L’avion pour Casa décolle à 21 heures. On atterrit sur le sol marocain vers 23 heures. L’aéroport est désert. Il fait chaud et humide. Notre avion doit être le dernier de la journée, tous les magasins free tax et les offices de change affichent porte close. On attrape le dernier train de justesse, pour gagner cette ville prétendue « blanche ». L’aéroport est à 30 kilomètres du centre de Casa. Un homme nous accompagne. Il s’appelle Isham. On a fait connaissance dans l’avion. Il est casablancais et étudie ici. Il retourne au pays après un petit week-end passé de l’autre côté de la Méditerranée. Il est intéressant et sympa, mais la fatigue me gagne. Il me peine de lui tenir une conversation vivante et logique. Fed s’est déjà endormi sur la banquette du train.
Une heure de trajet dans le noir le plus total et nous voilà plantés à la gare de Casa voyageurs. Notre arrivée est triomphale.

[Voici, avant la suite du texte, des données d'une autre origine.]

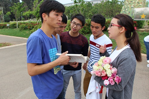 经过4月22日对志愿者进行的初步培训。初升的太阳,点缀得春色更有诗意,次日上午8:30,第一批志愿者小队前往各自的采访区域进行随机采访。在这静谧的校园里,图书馆、公交楼及一些教学楼早已有勤奋求学的读书人了。志愿者向被采访者进行提问,问题包括:今天是什么日子?您平时读什么书?书中对您影响最大的是那一句话等。之后受到采访同学会收到来自勤助会寓意“学海无涯”序号为1-423的读书接力书签及玫瑰花一枝,期望以“赠人玫瑰、手留余香”方式让被采访同学将读书以自己喜爱的方式接力下去。

On se fait subitement réveiller par les taximen enthousiastes nous proposant la course. On en accompagne un dans l’obscurité. Il nous annonce qu’il ne fonctionne pas au compteur. Le prix est fixé selon sa propre appréciation. Il propose la course à 10 euros. On se fait déjà arnaquer et pas moyen de négocier avec lui. On extraits les sacs de son coffre, on se barre. Qu’il en trouve d’autres…Histoire de déjà nous rappeler qu’ici, tout se marchande. Rien n’est fixe. A l’aide de légers palabres et de temps consacré à l’envoûtement, on peut presque tout obtenir. Un vieil homme nous conduit enfin à l’hôtel Miramar, dans le « quartier des affaires ». C’est là que sont nichés les hôtels petit budget. Les rues sont vides. Il y règne une odeur de poisson. Le vent balaie les rues. Troublante est cette glauque atmosphère qui hante les rues la nuit. Seules quelques silhouettes errent ça et là, dissimulées dans la pénombre. Ils nous fixent au loin. Je me demande ce qu’ils font. La chambre est rapidement négociée pour 70 dirhams. Fed reste au balcon et veille, tandis que je m’aventure au coin de la rue pour acheter un paquet de cigarettes.
On passe cette fin de soirée dans la terrasse, à savourer nos premiers instants casablancais. Un vieil homme est planté sur le trottoir d’en face. Seuls deux chats lui tiennent compagnie. Ils lui reviennent fidèles, malgré leurs va et viens désordonnés. La nuit nous appelle. Ses murmures se font de plus en plus insistants. On s’effondre de ses chants charmeurs. On s’abandonne à elle.